PROBLEM DESCRIPTION
Report every line of the records that contains the word "into".

EXERCISE INPUTS: Begin

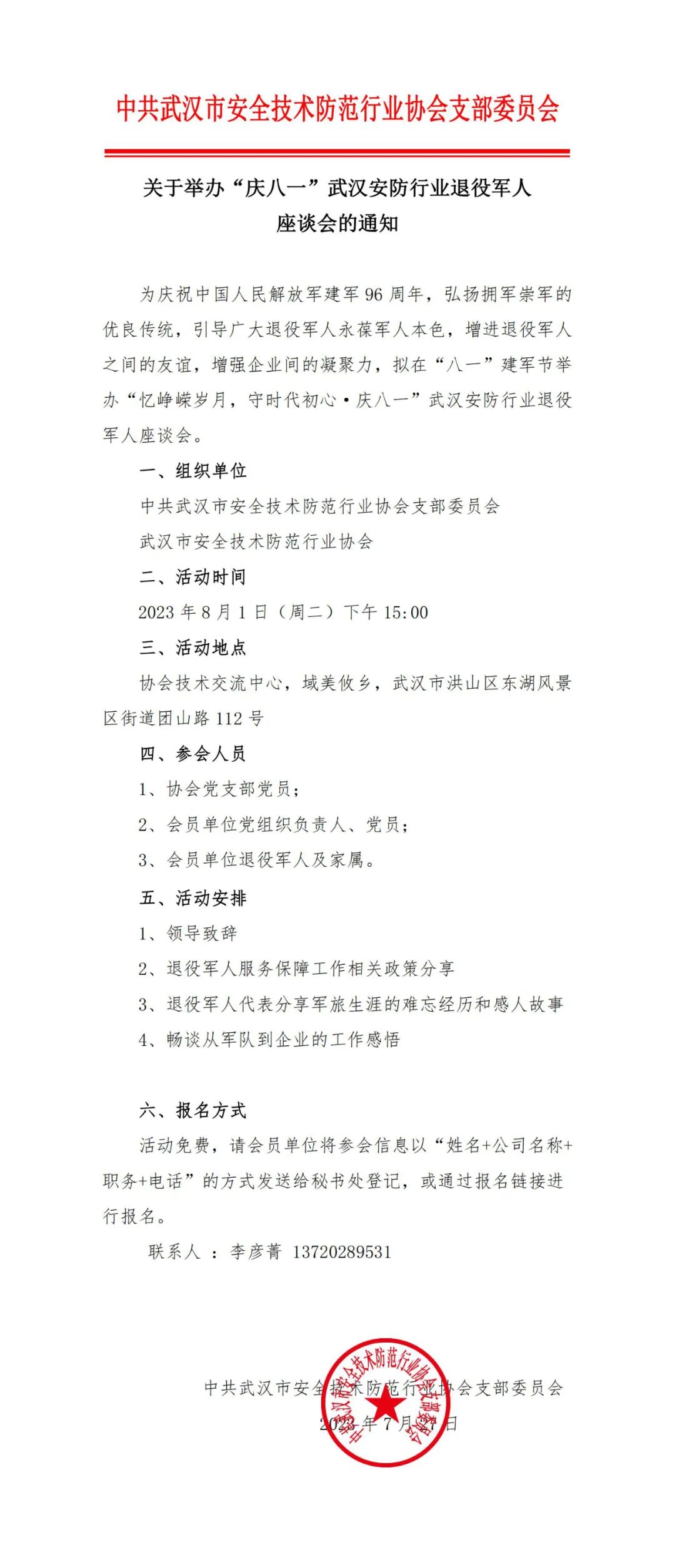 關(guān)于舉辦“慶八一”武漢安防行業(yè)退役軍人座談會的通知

EXERCISE INPUTS: End
EXERCISE INPUTS: Begin

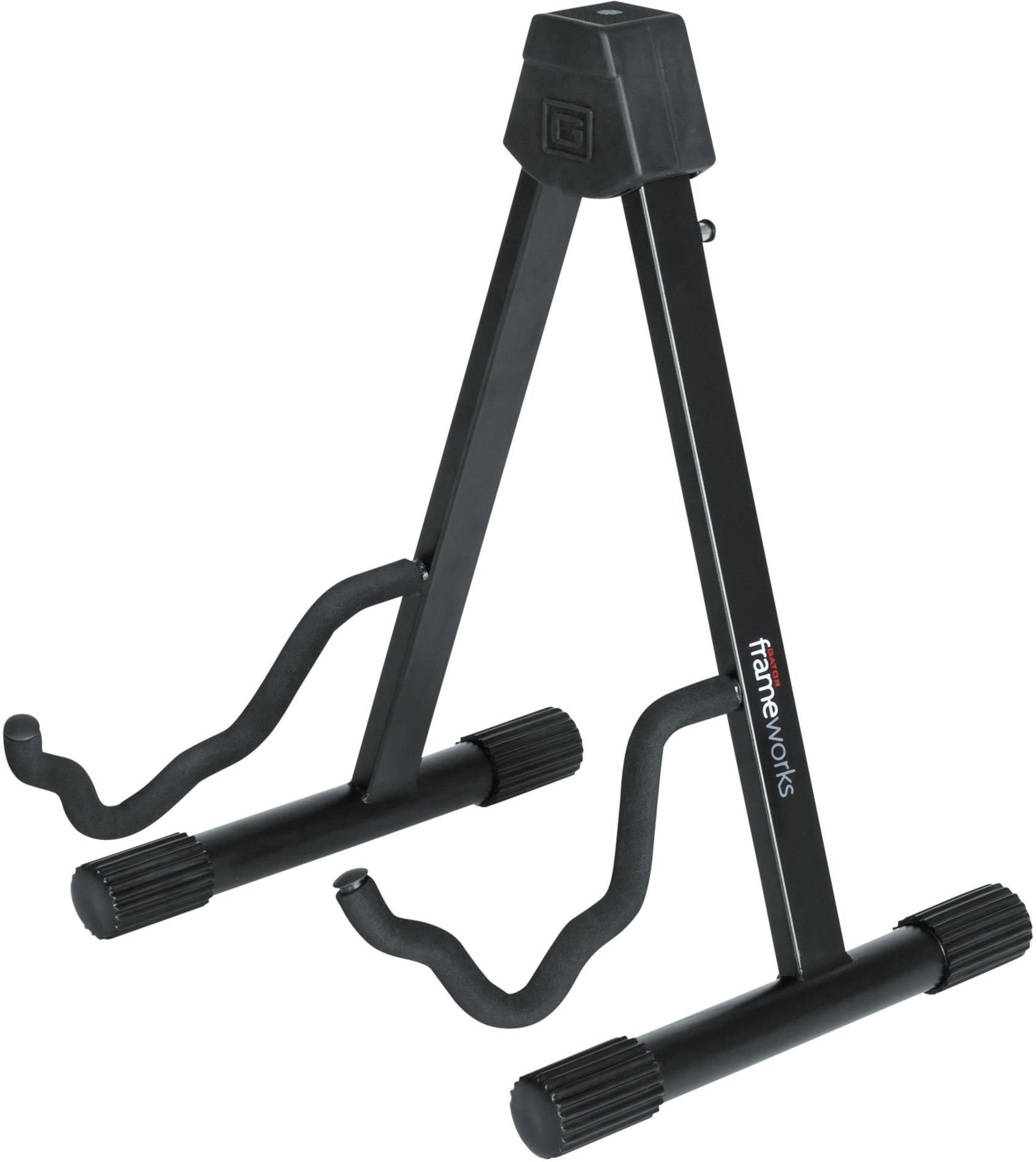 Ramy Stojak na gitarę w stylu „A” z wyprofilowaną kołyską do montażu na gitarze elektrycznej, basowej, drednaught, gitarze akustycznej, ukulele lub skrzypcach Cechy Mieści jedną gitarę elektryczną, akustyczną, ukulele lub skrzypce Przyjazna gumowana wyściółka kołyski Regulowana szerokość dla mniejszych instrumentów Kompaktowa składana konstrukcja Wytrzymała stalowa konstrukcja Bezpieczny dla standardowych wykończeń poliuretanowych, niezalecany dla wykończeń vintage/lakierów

EXERCISE INPUTS: End
EXERCISE INPUTS: Begin

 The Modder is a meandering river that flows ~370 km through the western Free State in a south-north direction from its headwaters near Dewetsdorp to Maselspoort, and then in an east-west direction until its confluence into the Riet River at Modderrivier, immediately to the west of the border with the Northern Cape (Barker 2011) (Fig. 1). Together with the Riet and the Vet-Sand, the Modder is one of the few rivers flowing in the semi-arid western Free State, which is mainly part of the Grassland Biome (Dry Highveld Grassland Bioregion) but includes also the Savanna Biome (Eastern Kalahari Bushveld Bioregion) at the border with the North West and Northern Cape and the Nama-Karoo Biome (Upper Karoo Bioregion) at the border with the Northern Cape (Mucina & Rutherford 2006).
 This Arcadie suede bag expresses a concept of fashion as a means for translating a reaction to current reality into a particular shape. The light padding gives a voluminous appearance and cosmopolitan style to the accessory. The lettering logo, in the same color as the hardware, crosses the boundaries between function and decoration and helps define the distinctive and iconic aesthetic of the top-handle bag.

EXERCISE INPUTS: End

TASK SOLUTION
 The Modder is a meandering river that flows ~370 km through the western Free State in a south-north direction from its headwaters near Dewetsdorp to Maselspoort, and then in an east-west direction until its confluence into the Riet River at Modderrivier, immediately to the west of the border with the Northern Cape (Barker 2011) (Fig. 1). Together with the Riet and the Vet-Sand, the Modder is one of the few rivers flowing in the semi-arid western Free State, which is mainly part of the Grassland Biome (Dry Highveld Grassland Bioregion) but includes also the Savanna Biome (Eastern Kalahari Bushveld Bioregion) at the border with the North West and Northern Cape and the Nama-Karoo Biome (Upper Karoo Bioregion) at the border with the Northern Cape (Mucina & Rutherford 2006).
 This Arcadie suede bag expresses a concept of fashion as a means for translating a reaction to current reality into a particular shape. The light padding gives a voluminous appearance and cosmopolitan style to the accessory. The lettering logo, in the same color as the hardware, crosses the boundaries between function and decoration and helps define the distinctive and iconic aesthetic of the top-handle bag.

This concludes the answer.